By contrast, work that involves personal services (child care, health care, etc.) isn't so amenable to automation, for obvious reasons. Often attempts to use technology to improve productivity in these fields is resisted because it reduces the interpersonal element of the service. However, to get good workers, employers in those fields have to pay sufficiently high wages to be competitive with those fields that have benefited from automation. This drive is somewhat reduced in fields that are as much a calling as a job (which is why writers and other creatives have not seen that much of a benefit from this process). So increases in productivity in some fields will raise pay in most other fields.

As the author of the article notes, this is further complicated by the difficulty in comparing manufactured goods across such a span of time as 1919 to the present. The car that Agatha Christie and her husband considered simply Out Of Reach was less durable and less reliable than the cars of the present, not to mention lacking features that simply hadn't been produced in those days. Furthermore, whole categories of consumer goods have developed in the decades since: televisions, personal computers, etc. No amount of money could've bought what had yet to be invented and manufactured.

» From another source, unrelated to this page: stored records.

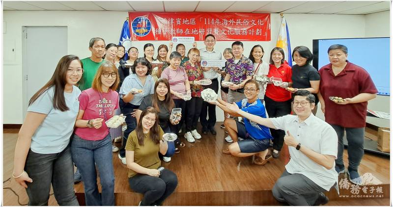 為增進海外教師對臺灣傳統文化的認識與教學應用,菲華文教服務中心於7月12日上午舉辦「僑務委員會民俗文化種子教師在地研習課程」,以「臺灣米食文化介紹與麻糬手作體驗」為主題,吸引大馬尼拉地區20位僑(華)校教師熱情參與,現場學習氣氛活潑,互動熱絡。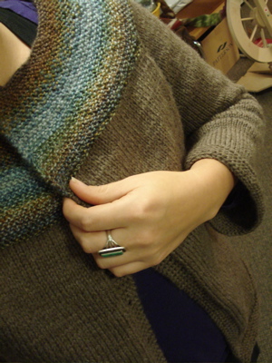 At long last, I sewed the buttons onto my garter yoke cardigan. I tried it on after the first four, just to make sure I liked the look of these buttons (which may or may not have cost me more than the Cascade 220 part of the sweater). I decided to do this late last night, so the pictures are less than awesome, thanks to the overhead lights in my apartment, but I think you’ll still get the idea.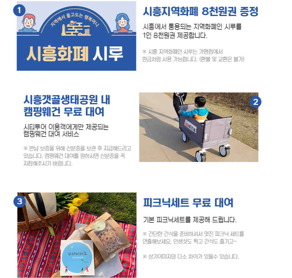 시흥 지역화폐인 '시루' 8천원권과 피크닉세트를 함께 제공합니다.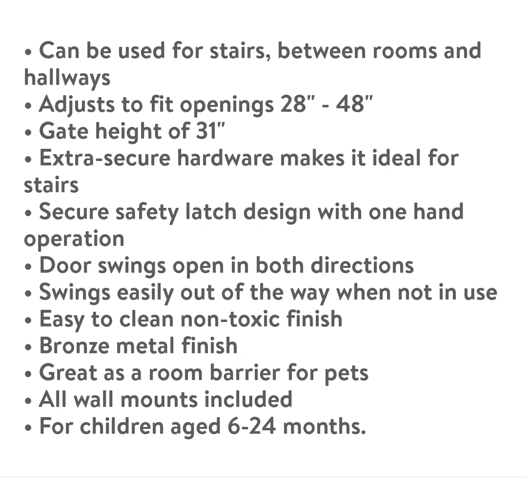 1000+Brand New Sealed Bily Expandable Metal Baby/Pet Gate Location: Scarborough Keep your baby or pet safe & secure in style! Features: ✔️ Expandable width: Fits 28" to 48" openings – perfect for doorways, hallways & stairs! ✔️ Sturdy metal frame with a sleek bronze finish – strong & stylish! ✔️ One-hand release – easy for adults, tricky for little ones & pets! ✔️ Hardware-mounted for top-of-stairs safety ✔️ Ideal for both babies and pets Why You’ll Love It: Safe & secure Stylish design Easy to use Pickup in Scarborough – delivery available nearby for a small fee Message me if you're interested or have questions! First come, first served!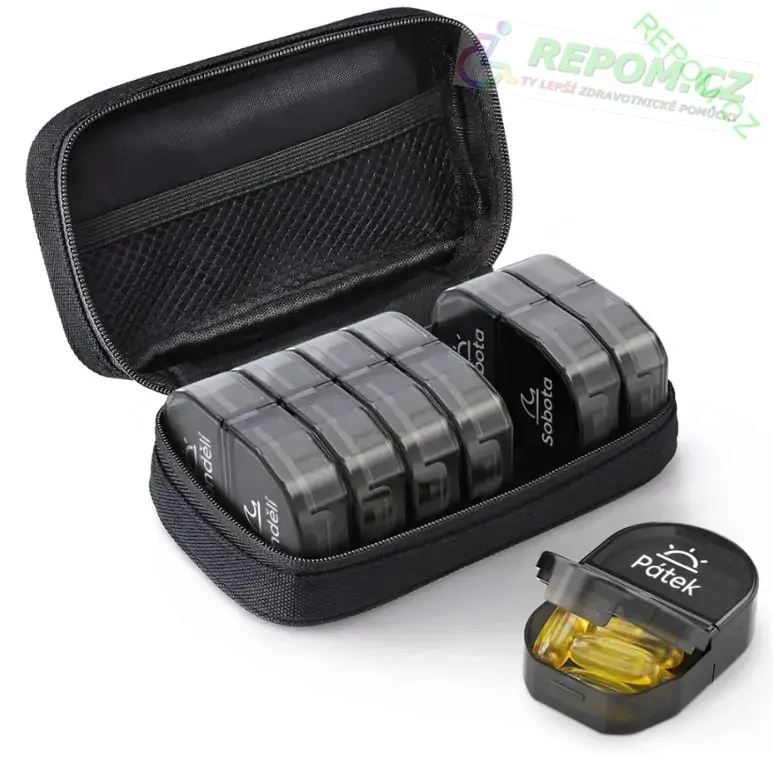 Odnímatelné denní přihrádky: Přihrádky na jednotlivé dny lze používat i samostatně, což je praktické na cestách nebo při krátkodobých výletech.

Furthermore, the digital revolution, driven by the integrated circuit, has transformed the consumer goods that were available in those days. The telephone is the most obvious -- the telephones that were available at the time of the Armistice would've been involved a large device permanently attached to a wall, connected to the telco offices with wires, and required the assistance of an operator at the telco office to place a call. Today the average person's phone is a hand-held computer about the size of a checkbook (remember those?) which uses a broadband modem and VoIP software to make calls over a cellular wireless network. Wired phones are almost entirely confined to office settings, or legacy phones people keep because their service is bundled with TV and Internet.

This is why measuring the change in the value of money over long spans of time can be very difficult. Even when talking about very basic things like food and clothing, one must be careful to examine where those things have changed, and particularly where something that is common today simply wasn't available, or was available only to the very wealthy or as a Very Special Treat. (Even as late as the 1940's and 50's, oranges and bananas were rare treats in the Midwest, and the gift of an orange could be a major plot point in a children's novel).